At discharge, 97.4% of the patients were on aspirin, 95.8 % on a P2Y12 receptor blocker, 98.5% on a statin, and 80.2% on an angiotensin-converting enzyme inhibitor or angiotensin-receptor blocker.
The median dose was 100 mg for metoprolol and 5 mg for bisoprolol. This reflects clinical practice where beta-blockers are typically underdosed, but normally physicians are instructed to push the dose up to the maximum dose, for example, up to 200 mg for metoprolol, Dr. Batchelor said. “It’s amazing how the two arms looked almost identical and it just makes me wonder if the dosing was lower than maybe we would have liked to have seen.”
Shifting to Tailored Beta-Blocker Use
Historically, clinicians routinely treated almost all people after MI with beta-blockers, but in the past 10 years, they have turned away from this in patients with preserved ejection fraction and little myocardial damage, observed Dr. Batchelor, system director of interventional cardiology, Inova Schar Heart and Vascular, Fairfax, Virginia.
“It used to be you’d get dinged by your hospital quality committees if you didn’t use beta-blockers after myocardial infarction and then we sort of refined that recommendation,” he said. “Of course, this study is going to really help us stand more firmly on the basis that it’s not needed in everyone and only in those with reduced ejection fraction.”
What’s unclear is how to treat patients with a mid-range ejection fraction of 40% to 49% post-MI, Dr. Batchelor observed.
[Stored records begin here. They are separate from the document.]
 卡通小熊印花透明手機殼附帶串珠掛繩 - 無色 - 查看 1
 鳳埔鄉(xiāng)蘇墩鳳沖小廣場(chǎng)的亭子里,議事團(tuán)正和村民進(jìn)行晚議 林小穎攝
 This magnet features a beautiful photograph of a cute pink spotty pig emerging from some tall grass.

“On average, those patients probably should and will be placed on a beta-blocker because the tendency is to err on the side of caution and treat based on the previous data that showed benefit of beta-blockers on all-comers that’s now refined by this study,” he said.
Not All Are Convinced to Peel Back Beta-Blockers
“We’re looking to get beta-blockers off but I don’t know that this particular study has 100% convinced me we should do it in normal ejection fraction right now,” Roxana Mehran, MD, professor of medicine, Icahn School of Medicine, Mount Sinai, New York, NY, said in an interview.
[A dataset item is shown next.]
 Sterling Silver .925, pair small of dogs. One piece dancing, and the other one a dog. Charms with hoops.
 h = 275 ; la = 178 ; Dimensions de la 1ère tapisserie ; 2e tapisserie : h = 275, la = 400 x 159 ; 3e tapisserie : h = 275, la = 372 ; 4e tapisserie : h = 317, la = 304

She questioned whether REDUCE-AMI enrolled a select population with only 22% women, 35% with ST-elevation MI, and most with 1- to 2-vessel disease. Additionally, the trial was powered to detect a whopping 25% reduction in the primary endpoint and assumed a 6% annual event rate but got a 3% event rate over the years.
“What you see if you look at the confidence interval (for the primary outcome) is that the hazard ratio is 0.96 but the lower limit is 0.79 and the upper limit is 1.16, which means that beta-blockers could be, at one end of the spectrum, 21% effective or 16% worse,” said Dr. Mehran, who served as one of the formal discussants for the trial.
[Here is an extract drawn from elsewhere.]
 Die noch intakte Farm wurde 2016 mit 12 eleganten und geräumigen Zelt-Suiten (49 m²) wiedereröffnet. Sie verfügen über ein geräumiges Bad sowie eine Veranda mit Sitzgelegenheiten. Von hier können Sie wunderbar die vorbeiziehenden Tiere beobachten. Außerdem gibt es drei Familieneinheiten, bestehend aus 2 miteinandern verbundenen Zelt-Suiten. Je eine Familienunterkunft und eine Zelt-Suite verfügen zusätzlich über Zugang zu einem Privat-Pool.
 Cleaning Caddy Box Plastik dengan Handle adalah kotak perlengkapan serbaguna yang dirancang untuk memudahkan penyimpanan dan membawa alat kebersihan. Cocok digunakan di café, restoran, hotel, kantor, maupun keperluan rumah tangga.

“Overall, it looks like there was no difference in this patient population. That’s why I was saying we need to wait for more data before we change our guidelines,” she said. “And remember, that even if this is true, it would be in a very select patient population.”
New Data on the Horizon
The good news is that there are a handful of trials coming out questioning the role of beta-blockers post-MI, Dr. Mehran pointed out. The trials are detailed in an accompanying editorial and include: DANBLOCK, BETAMI, REBOOT, SMART DECISION, ABYSS, and ABBREVIATE.
“Given the difficulty of unambiguously showing an absence of benefit with beta-blocker therapy and the limitations of a single, somewhat underpowered, open-label trial, it may be too early to cut beta-blockers from the ‘secondary prevention team’ definitively,” wrote editorialist Philippe Gabriel Steg, MD, Universite Paris-Cite, France.
Disclosures: The study was funded by the Swedish Research Council, Swedish Heart Lung Foundation, and Stockholm County Council. Dr. Yndigegn reported having no disclosures. Dr. Batchelor reported consulting fees/honoraria from Abbott Laboratories, Boston Scientific, V-Wave Medical, Idorsia, Edwards, NovoNordisk and Medtronic Dr. Mehran reported relationships with multiple entities. Dr. Steg reported relationships with multiple entities.